As the X400 starts to work you will find the water in the rads goes jet black, this is with loosened sediment that the chemical is washing round.

It sounds like you have a Gravity Feed to the cylinder. This is inefficient and there are a couple of ways of improving it, which we will discuss after seeing the photos.

Measure the pipes between the boiler and the cylinder (22mm or 28mm) and buy some Climaflex or similar stiff foam pipe lagging. A lot of heat is wasted from these pipes. DIY sheds tend not to carry the 28mm size. Get the thickest that you can fit.

Look for any signs of leaks.
 
Fab stuff John - here's a virtual beer :D
I'll crack on with what you suggest.
Just one more question, should the grundfos 15/60 pump around a 'clean' 10 rad system (ave size rads in rooms) on speed 1 or 2 or will it have to run at 3. The replacement is the 15/50 as a mate got it FOC.
I do think I'll have to adjust the level in the F&E as IIRC there must have been about 8" of water when I went up there and there was sediment in the bottom (hopefully not causing a cold feed blockage which I've read is common).
Just an aside, the F&E is above the kitchen in a 100 year old plus extension to the house which used to be an old coach house (1805/6). When I went up there there were 2 small rooms bright blue walls and coat hooks hanging - also 2 small original windows bricked from the outside and the original lath and plaster work with horse hair!!!!. Amazing what you can find!! Can't wait for replastering in the future to see if the original fireplaces have been covered up.
Many thanks again.
Regards
Paul.
 
I am not a pro, but in my experience, speed 2 is usually enough

As far as I can see, the faster you run it, the noiser the pump and rad valves are, and the more likely an open system is to pump over.

After you have cleaned it, you will need to balance it carefully (if you are going to take all the rads off, that would be a good time to fit TRVs and new lockshields unless you already have newish ones, or Belmonts which can have new seals fitted.
 
Hi John,
If your still available for advice I've put the images in my album which you should be able to view.
Dirty great airlock in system when I came home - just finishing off the balancing act to make sure the important rooms are on.
Cheers.
 
If the boiler is an ideal E type the system is over 30yrs old. Water almost certainly gravity circulation. You can add a motorised valve (motor closed) to change it to a C plan to give HW control.

The system will be full of muck so clean it out as advised above. Also check out the heating FAQ's

Balance the system to a 11deg temp drop across the flow and return. If your radiator pipes are 15mm, without working it out, speed 1 should do fine. If not go to speed 2. The lower speed the better.

Btw keep this boiler until it falls apart.
 
Cheers Tamz for the advice.
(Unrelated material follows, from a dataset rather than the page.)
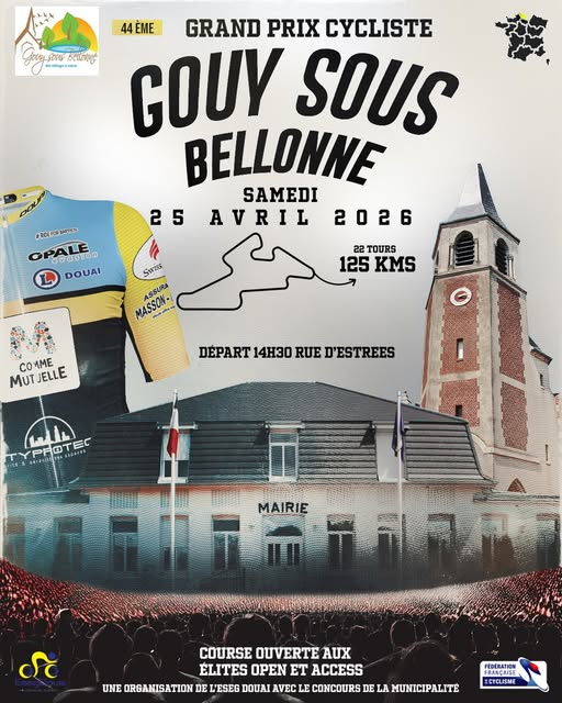 La 44e édition du Grand Prix de Gouy-sous-Bellonne se dispute ce samedi 25 avril dans le département du Pas-de-Calais. Au programme de la course organisée par l'ESEG Douai : un circuit de 5,7 km à effectuer 22 fois soit 125,4 kilomètres. Le départ de l'épreuve Élite, Open et Access sera donné à 14h30. Le vainqueur succédera au palmarès à Bastien Pichon.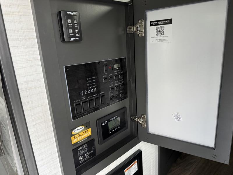 The outdoor enthusiasts have met their match with the XLR Nitro toy haulers by Forest River. The vacuum-bonded aluminum framed sidewalls, high gloss fiberglass exterior, and one-piece roof membrane are just a few durable construction materials you will find on these models. There is a weatherproof insulated ramp door, 5,000 lb. cargo tie-downs, a 40 gallon fuel station, and more convenient garage features that will make camping with toys easier than ever. You'll appreciate smooth towing thanks to the MORryde CRE3000 suspension enhancement and 16" Goodyear Endurance tires. A 200 watt roof-mounted solar panel, along with electric awning(s) with LED lights, undercarriage lighting, and friction hinge entry door(s). Some of the innovative technology features include a Winegard Air 360 antenna with WiFi prep and 4G LTE, convenient USB charging stations. You will also find diamond solid surface kitchen countertops, residential tile backsplash, hardwood cabinet doors, hardwood window trim package, and many more interior comforts.

I've just put a high res image of the inside cover of the boiler in my album (for anyones ref) and if my guess is right the label has the code 9/77 at the bottom - hey jubille year boiler :D
Just got to get the old baby cleaned up a bit methinks.
You say keep it till it fall apart. Is it one of those amazing bits of simple engineering that seem to go on forever as I nearly swapped the lot out for a sealed system just after we bought the house?
Many Thanks
Paul.
 
As you can do basic DIY plumbing, try to gather together £100 to buy a Magnaclean and fit it on a vertical 22mm return piper to the boiler.

I guarantee you will be amazed and delighted to see how much black sludge it collects.

This is as well aas, not instead of, the squirt and chemical work you have planned.
 
Cheers again John,
Going to be a busy and possibly painful sunday job on the rads (if Wales win the rugby!!!) :LOL:
 
Is it one of those amazing bits of simple engineering that seem to go on forever

Yes. Nothing on it to break down. Gas valve, thermostat, thermocouple. Thats it.
Problems may come if burner cracks (although you may find a replacement somewhere) or rusted/rotted flue (inside part, outside is SS).

It may cost about 200 a year more to run but there are a lot of £200's in a new boiler install that costs more to maintain, will, regardless of make, break down at some point and will probably be dead soon after 10 years (if it gets that far).